Until now, I know that after rehashing in a HashMap, all the entries are rehashed with the new table length. But I want to know what will happen when I have collisions.
e.g.
Map<String, String> map = new HashMap<>(5);
map.put("a", "ape");
map.put("b", "bird");
map.put("c", "chicken");
Suppose they have different hashcodes, but "b" and "c" are stored in the same bucket after the internal hashing.
Now I'll insert a fourth entry to reach the load factor therefore rehashing the table:
map.put("d", "dynamite");
Could the entries with collisions be stored in separate buckets or they always will be together (in reverse order according of what I've read)?.
I suppose that the answer to the title is no, because I will get the same internal hashing for "b" and "c", but I'm not sure.
There are two ways you can view collisions here.
One is two objects returning the same value from hashCode() method. In this case, they will end up in the same bucket no matter what size the hashtable array is.

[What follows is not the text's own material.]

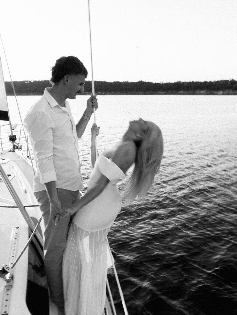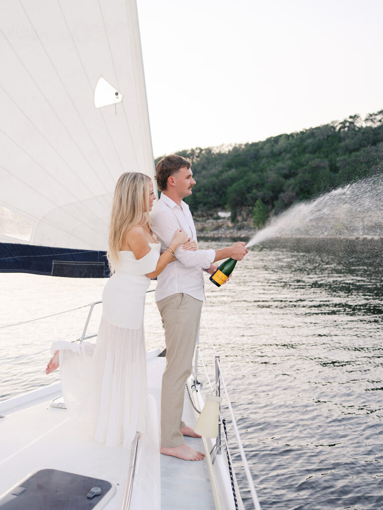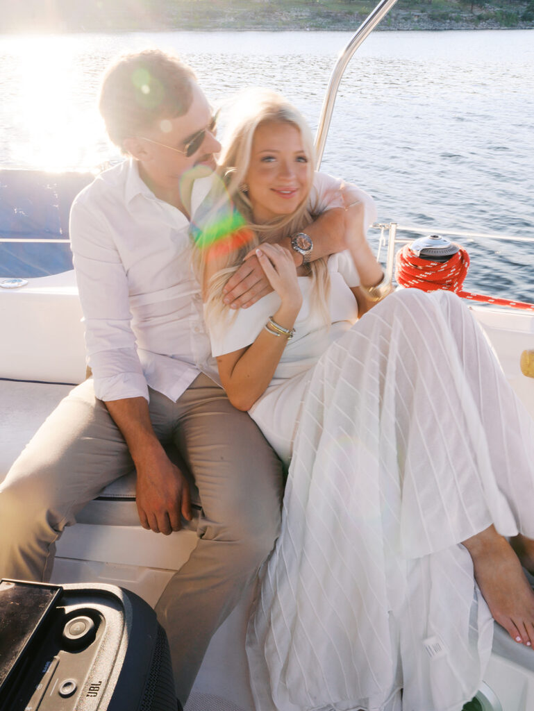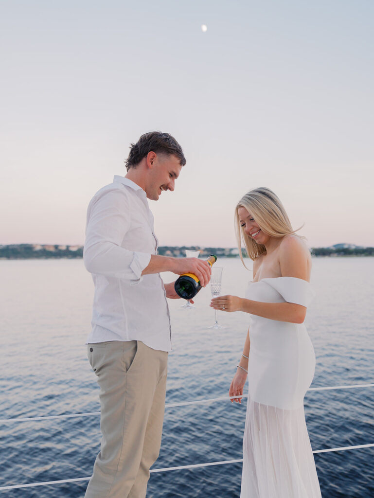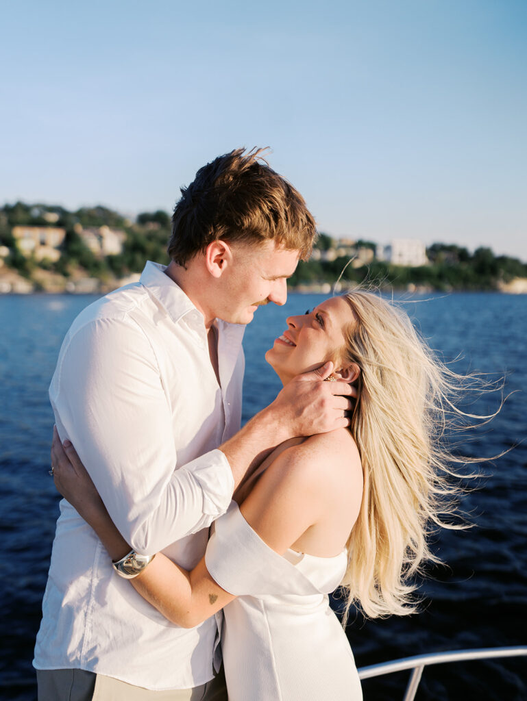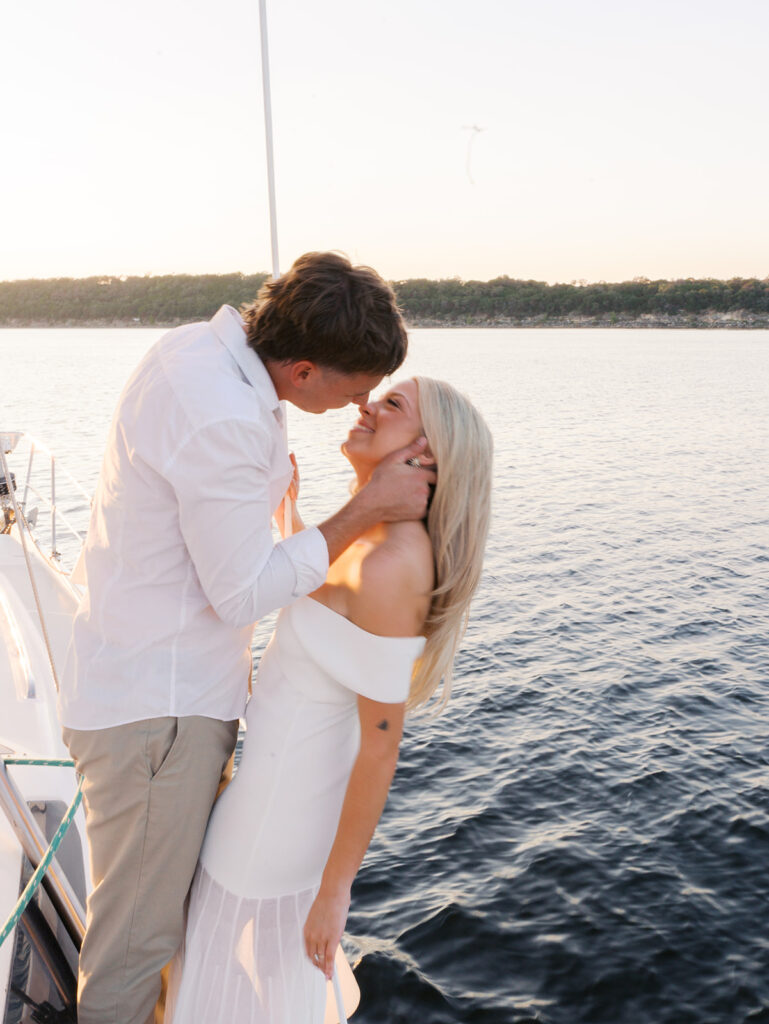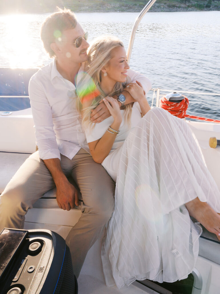 Lake Travis gave us everything – golden hour light, a fiery sunset, and even a glowing moon that set the perfect mood. With champagne on deck, laughter in the air, and the sailboat as their backdrop, every moment felt both fun and intimate.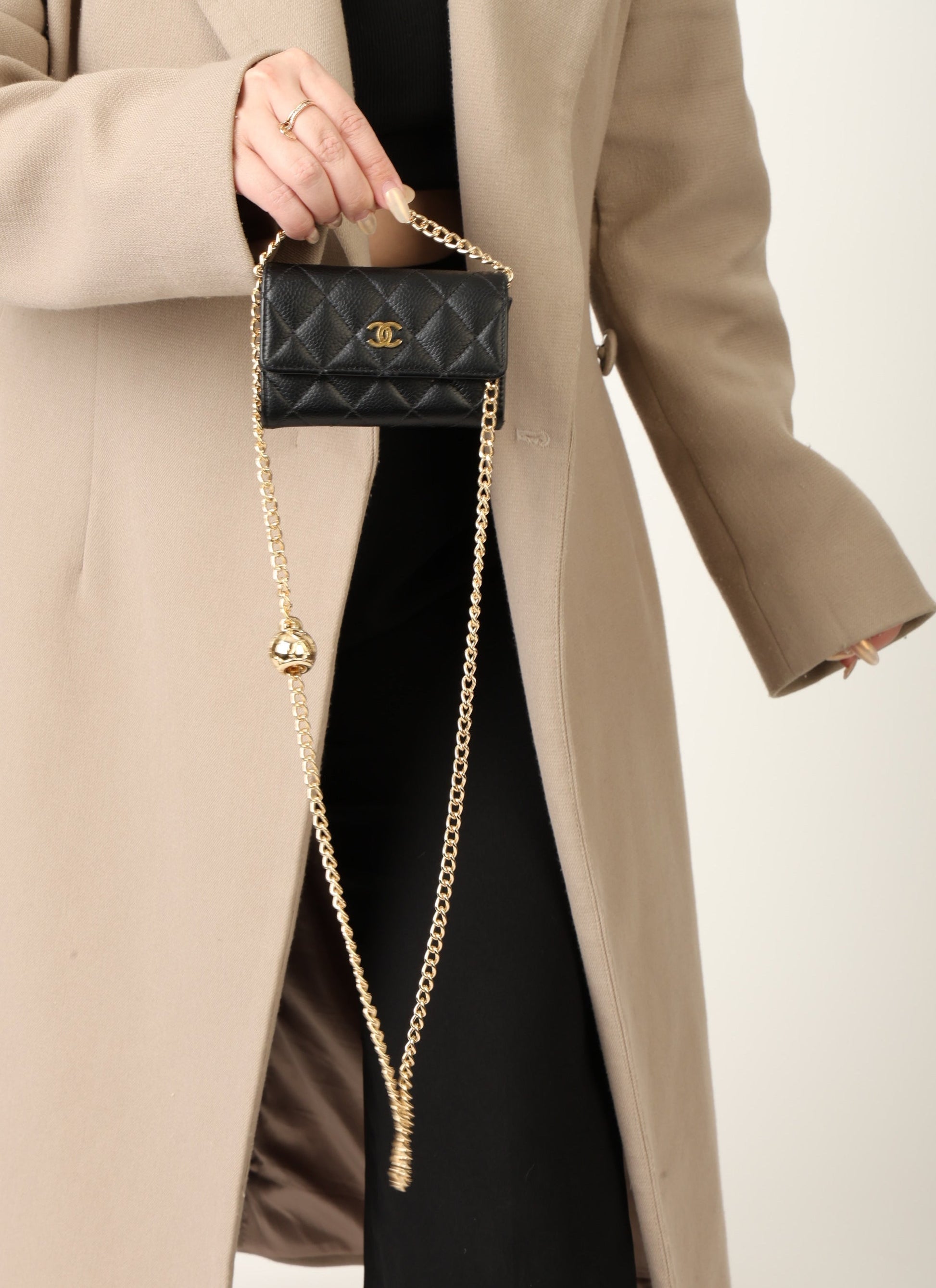 Dropping in the shop is a classic Chanel Caviar Cardholder w/ Chain in black with gold hardware!?We've even included a generic chain to use as a crossbody or short-shoulder bag. This cutie can be on its own for the minimalist girlies/guys out there or thrown into a larger bag. You can fit multiple cards, cash, and coins.?

The other case is when two objects have different hash codes but end up in the same bucket due to the array size being less than the 232 unique values that hashCode() can in theory return. Usually, the raw hash code value will be taken modulo array size and that is used to find the right bucket for an entry. Suppose the initial array size is 16 and you have object A with hash code 3 and object B with hash code 19. Since 19 % 16 == 3, object A and object B will end up in the same bucket. If you now resize the array to 18, object A will end up in bucket 3 % 20 == 3 but object B will end up in bucket 19 % 20 == 19. So now they are in different buckets which answers the question posed in the title with a "yes".